George Henry Story was a painter of portraits, landscape and genre and curator and acting director of two major American museums, and an early portraitist of President Abraham Lincoln.

While in Washington for a period of time, Story had met the President, drawing him in pencil.  At a later date, Story again sketched Lincoln for three days in the Oval office, preparing to paint a commissioned portrait of the President.  He actually painted several portraits of Lincoln.  Story wrote about this experience: “After each sitting, I returned to my room and worked upon my picture with my sitter vividly in mind, almost as though he were in my actual presence.”

Story was involved even further with Lincoln.  He was responsible for establishing the Presidential pose for Lincoln’s first official photograph in office.

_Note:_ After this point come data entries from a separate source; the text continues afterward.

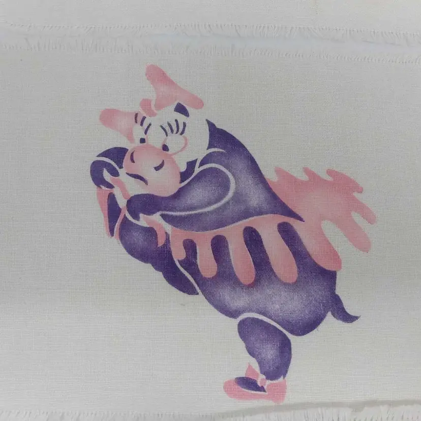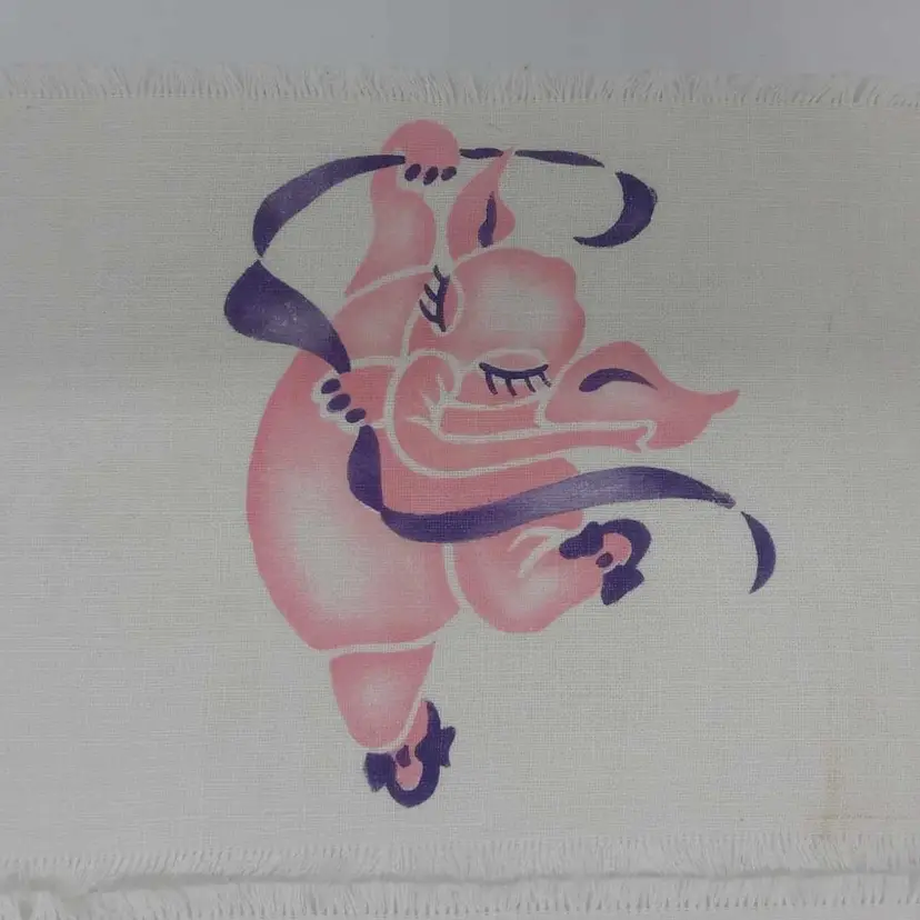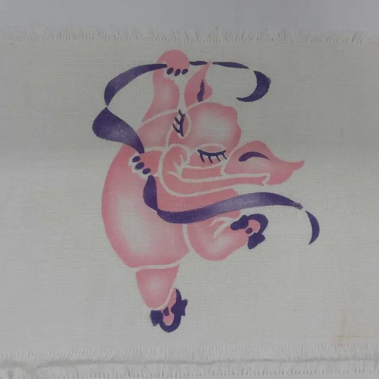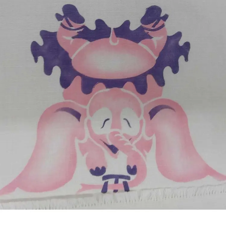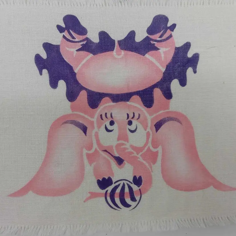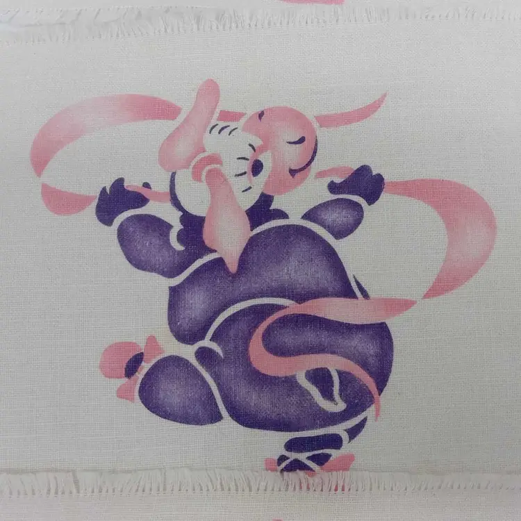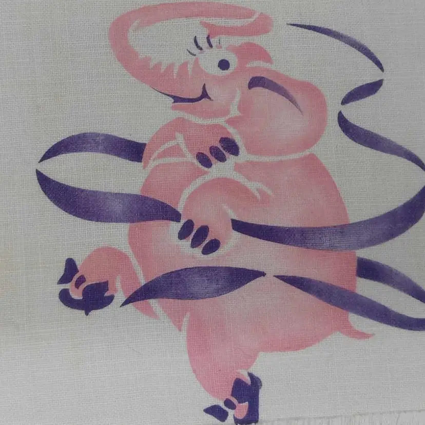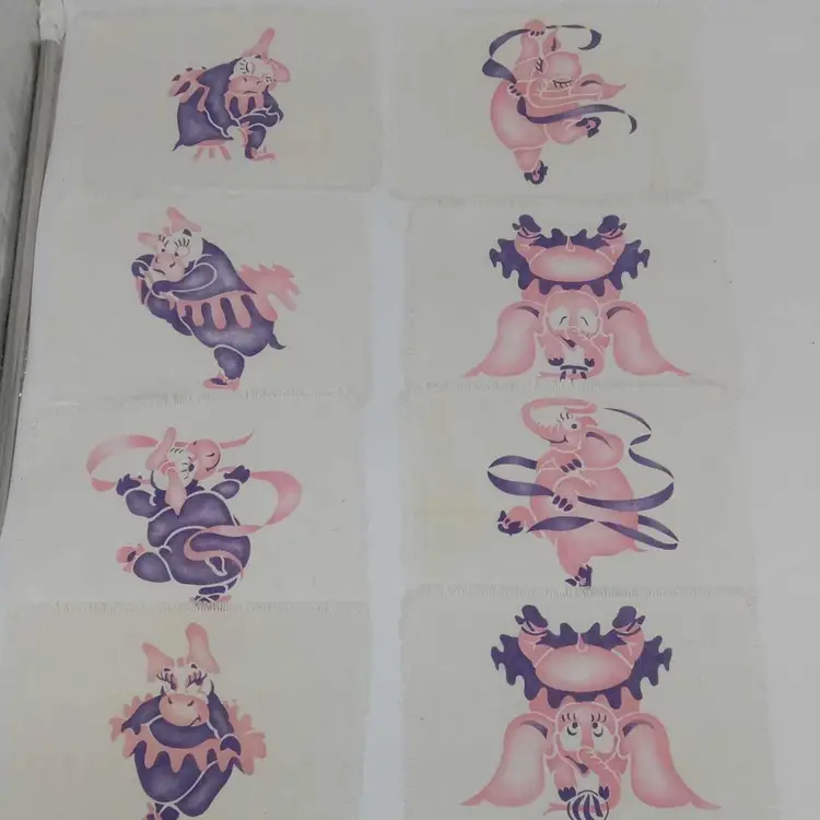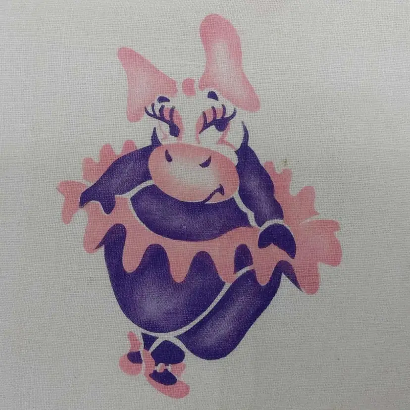 Here are some adorable quilt squares featuring pink and purple hippos and elephants. They alternate between ribbon dancing and ballet. Each piece is 8 x 5.5 inches. There are 8 individual blocks.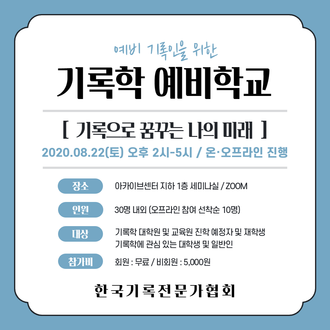 2020. 8. 10. 17:16ㆍ교육사업/기록학 예비학교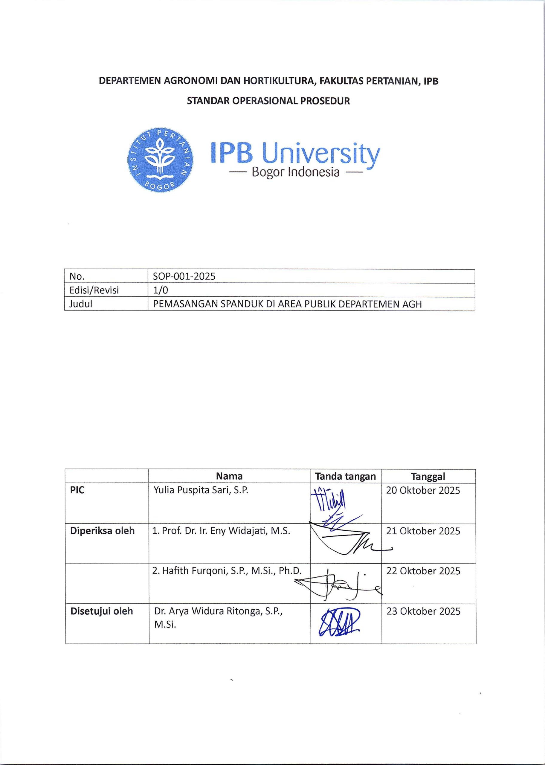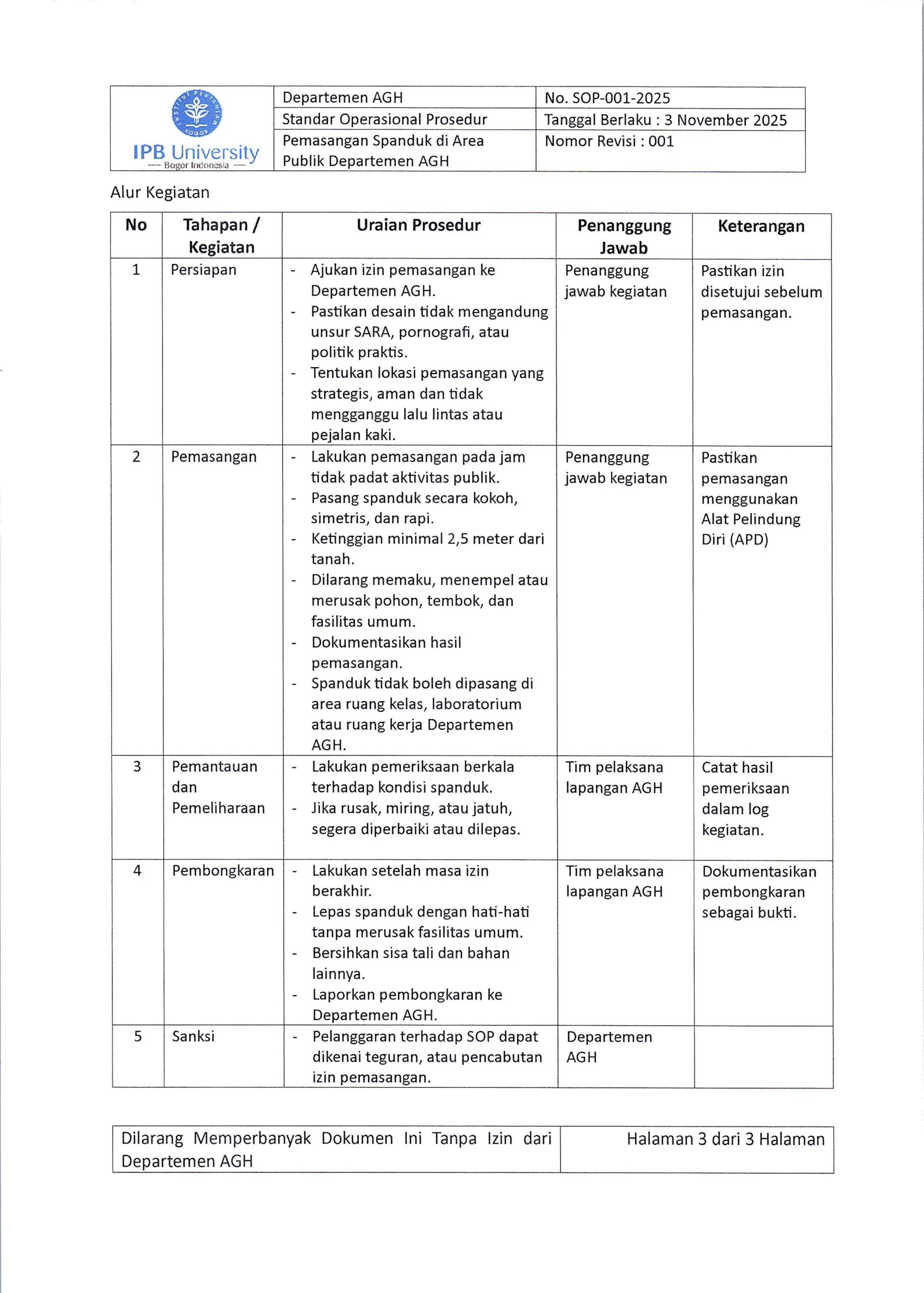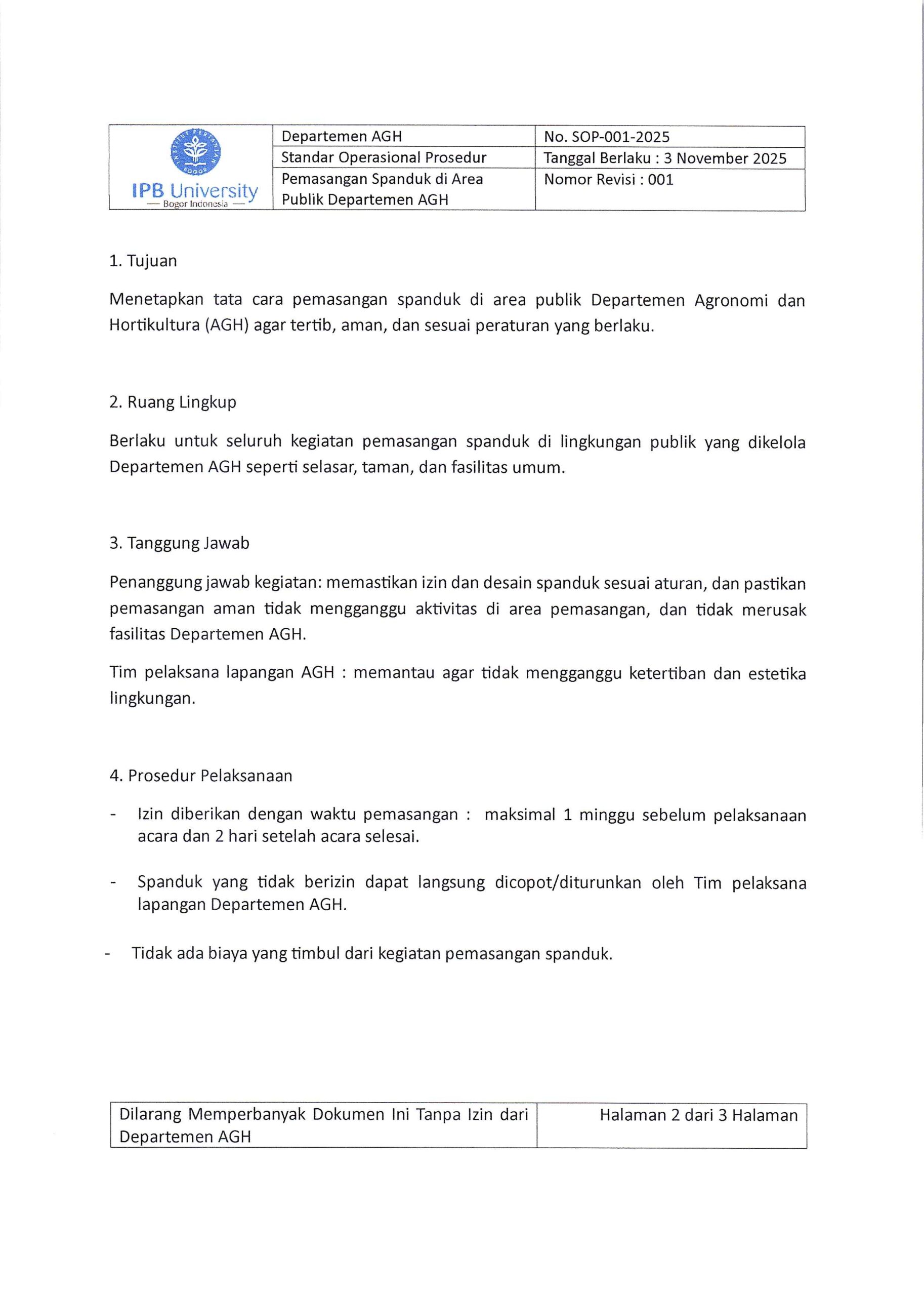 SOP Pemasangan Spanduk di Area Publik Departemen AGH

Story held the posts of curator concurrently at both the Metropolitan Museum of Art in New York City and the Wadsworth Atheneum in Hartford, Connecticut.  He was at the Metropolitan from 1889-1906, and the Wadsworth, 1899-1922, when he died. In 1904-1905, Story had been acting director at the Metropolitan.

Story was born in 1835 in New Haven, Connecticut, and his first art experience was three years as an apprentice woodcarver as a youth of fifteen.  Then he had a year studying in Europe.  Story also had three years of the study of portrait painting with Louis Bail and Charles Hines.

Back from Europe, he worked in a somewhat unusual succession of cities Portland, Maine, Washington, D. C. (when he painted Lincoln), the island of Cuba and finally, New York City, where he would ultimately die.

George Henry Story was a member of the Artists’ Fund Society and the National Academy of Design.  His work is in the National Gallery of Art, Washington, D.C.; Metropolitan Museum of Art, New York City; Wadsworth Atheneum, Hartford, Connecticut; and Thomas Gilcrease Institute of American History and Art, Tulsa, Oklahoma.